Vision-Language Models (VLMs) have demonstrated remarkable generalization capabilities, yet their application to medical ultrasound remains constrained by the significant domain shift between natural images and sonographic data. The unique physics of ultrasound, manifesting as speckle noise, shadowing, and variable artifacts, often leads to suboptimal performance when applying off-the-shelf foundation models. To address this, we propose a novel Hybrid-tuning (HT) strategy for the efficient adaptation of CLIP-based models to ultrasound analysis. Our method introduces a lightweight adapter module integrated into the frozen visual backbone, featuring frequency-domain filtering to suppress periodic artifacts and dynamic noise estimation to calibrate feature representations.

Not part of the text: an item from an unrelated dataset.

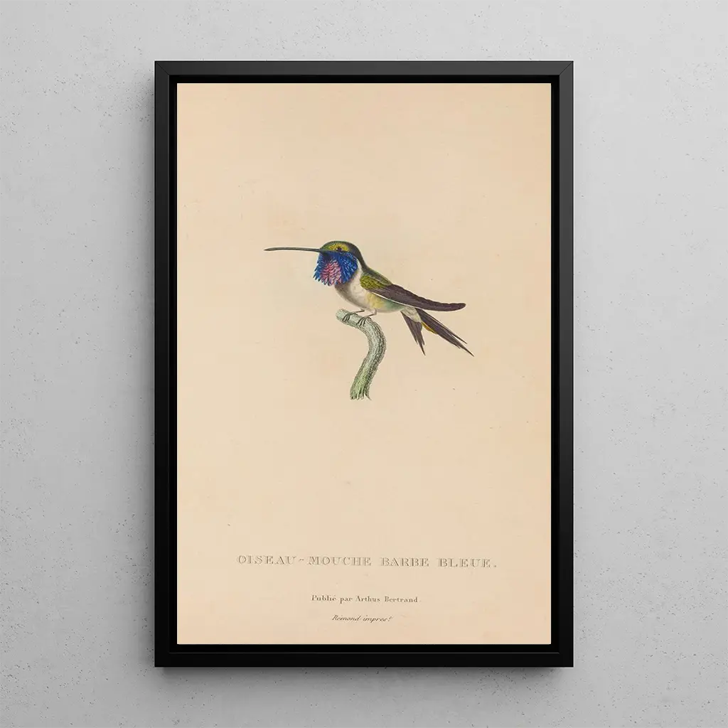 Druk artystyczny Histoire naturelle des oiseaux-mouches Pl05 przenosi nas do kolorowego i fascynującego świata. Żywe odcienie upierzenia, od głębokich błękitów po jaskrawe czerwienie, odzwierciedlają bogactwo bioróżnorodności ptaków. Każdy ptak, przedstawiony z precyzją, zdaje się ożywać na płótnie dzięki delikatnej technice akwareli, która pozwala uchwycić światło i teksturę piór. Atmosfera tej pracy jest jednocześnie radosna i kontemplacyjna, zachęcając widza do docenienia efemerycznej piękności tych skrzydlatych stworzeń.

Furthermore, we design specialized segmentation and classification heads that employ multi-scale feature aggregation to maximize the utility of pre-trained semantic priors. Extensive evaluations across six multi-center datasets (covering lymph nodes, breast, thyroid, and prostate) reveal that our HT-enhanced models significantly outperform existing state-of-the-art methods, including BiomedCLIP and standard LoRA fine-tuning. The results highlight the superior data efficiency and robustness of our approach, paving the way for practical, foundational intelligence in automated ultrasound diagnosis. The source code is available at https://github.com/jinggqu/NextGen-UIA.

Paper Structure

This paper contains 16 sections, 5 equations, 5 figures, 7 tables.

Figures (5)

  • Figure 1: Overview of proposed workflow. (a) Fine-tuning stage. Introduce trainable HT adapter into frozen CLIP to bridge the domain gap between natural images and radiological scans. (b) Downstream tasks. Apply trainable heads for ultrasound image segmentation and classification in a supervised manner (solid arrows), and assess zero-shot ultrasound diagnosis capability of CLIP by using ensembled prompt-image pairs (dashed arrows).
  • Figure 2: Structure overview of the original LoRA, Mona and HT adapter based on Mona for CLIP vision encoder (ViT).
  • Figure 3: Architecture of Hybrid-tuning module.
  • Figure 4: Segmentation visualization on LN-INT, LN-EXT, BUSI busi_al_2020, DDTI ddti_pedraza_2015, TN3K tn3k_gong_2023, and Prostate microsegnet_jiang_2023 datasets. The first column shows the input images. Regions in red, green and yellow indicate the ground truth, false positive and true positive, respectively. Hybrid-tuned models are in bold.
  • Figure 5: Few-shot segmentation visualization on LN-INT dataset. The first column shows the input images. The percentages represent the amount of data used for model training. Regions in red, green and yellow indicate the ground truth, false positive and true positive, respectively.